CHARLESTON — A 2017 lawsuit filed by 29 former students of Miracle Meadows School has settled for $51.9 million.
The settlement was finalized Oct. 27. The 29 students alleged in the suit that they had suffered physical, mental and sexual abuse during their time at the school by individuals who ran the boarding school in Salem.
The former students alleged that those who ran the Christian boarding school forced them to perform manual labor, beat them, starved them, kept them in isolation rooms for long periods of time and would chain and shackle them to beds.

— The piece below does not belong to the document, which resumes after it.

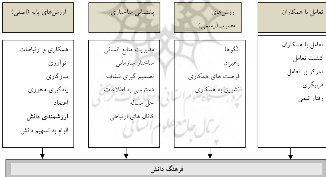
شکل ۳- توانمندسازهای فرهنگ دانش (دبوسکی، ۲۰۰۶)

توانمندسازهای فرهنگ دانش در چند سطح از سازمان، فعالیت می نمایند. هدف آنها همتراز نمودن ارزش های پایه و اساسی، ساختارهای سازمانی، سیستم ها و ساختارها و رفتارهای افراد برای ایجاد یک فرهنگ دانشی کارآ و موثر است. شکل ۳ به بررسی مولفه هایی که نقش به سزایی در ایجاد فرهنگ دانش دارند، می پردازد. در بررسی این توانمندسازها، شناخت تعامل آنها از اهمیت بسیاری برخوردار است. همانطور که ملاحظه می شود، چهار سطح و حوزه اساسی که جهت ایجاد و خلق فرهنگ دانشی کارآ، به طور مشارکتی نقش دارند، نمایش داده می شود (دبوسکی، ۲۰۰۶).

“The abuse suffered by these children would shock the conscious of any West Virginian,” Jesse Forbes, the attorney for the plaintiffs, said. “They were stripped naked, handcuffed, sexually abused and kept in a 5-by-8-foot room with a coffee can for a toilet. This is the stuff straight from a horror movie.”
Authorities had investigated the boarding school several times since it opened in 1987. The school pledged to be a school for wayward children aged 6 to 17. It was shut down in 2014. It was founded by Gayle Clark and her husband. Clark was eventually sentenced to jail time and probation in 2016.
“I have spent years as a guardian ad litem for abused children in this state and I have never seen anything like this,” Forbes said. “These children were tortured in ways that people couldn’t even dream about in their worst nightmares, and the fact that it continued over so many decades is truly shocking.”
Charleston attorney Scott Long also represented the plaintiffs. He said the case was complex when working to settle for an appropriate amount for the students.
“This settlement will finally bring justice to these innocent children, now adults, and hopefully allow them to begin to heal,” Long said. “The horrific abuse has come to an end but without setting aside money to provide these former children the healing services they desperately need their abuse would continue.”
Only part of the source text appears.